В общем, они меня повязали. В конце концов, в один белый день это должно было случиться. Как известно, музыкант ходит ночью, а лабает, как правило, — днем, потому что днем они нас не слышат. Точнее, слышат, но не различают музыки среди дневного городского грохота — им по барабану: что камнедробилка, что блюз. Так уж они устроены.

Мы, как обычно, собрались потусоваться в подвале старого кинотеатра. В том районе, где нормальному глухарю, по нашему разумению, делать нечего. Ни днем, ни ночью. Только мы врубили аппаратуру, настроились и пошахнили маленько, так, для разогрева, — и тут на нас посыпались эти сраные патрули. Как стальной поп-корн. А мы чего... Акустика на них не действует. В наших долбанных самопальных «Воксах», «Фендерах» и «Джибсонах» по шесть малокалиберных патронов, да и лезвия наклепаны кое-как. Из лопатной стали.

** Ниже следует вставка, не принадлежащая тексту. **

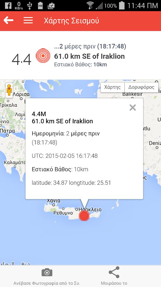 Αυτή η εφαρμογή καταγράφει αποκλειστικά τους σεισμούς που γίνονται ΜΟΝΟ στην χώρα μας, καταγράφοντας μάλιστα και όλα τα μικρά σεισμικά γεγονότα που είναι και κάτω του ενός βαθμού της κλίμακας Ρίχτερ.

А у них... Ну, все знают, что у музыкальной полиции чего только по наши грешные уши не припасено. Даже кевларовая сетка, которая выстреливается метров на двадцать. Ниточки тонюсенькие, даже днем не разглядишь, а порвать ее до сих пор еще никому не удавалось, клянусь Великим Элвисом!

Рафка Хендрикс, а он у нас самый быстрый, бросился, на какого-то музпеха, приложил того по каске бельмастой своим «Джибом», тут Рафку и взяли в четыре разрядника с четырех сторон, да на четыре счета, на четыре четверти... И не видать больше ни Рафки, ни «Джиба» его, хоть и самопального, да славного во всех подвалах, где только Хендрикс ни ваял свой безбашенный блюзон. Черное пятно средь Белого дня. Да колки валяются, как выбитые зубы.

А меня, значит, в сетки. «Музимку» мою старенькую, тоже самопальную, хрясь о стену, только струны закудрявились, а меня скрутили. Живой, значит, да только надолго ли, и что потом? Слухи-то ведь разные ходят о том, что они с нашим братом делают, если поймают, конечно. А ловят они всегда. Хотя, говорят, если житъ тихо, то можно прожить долго. Только разве настоящий звукарь может тихо?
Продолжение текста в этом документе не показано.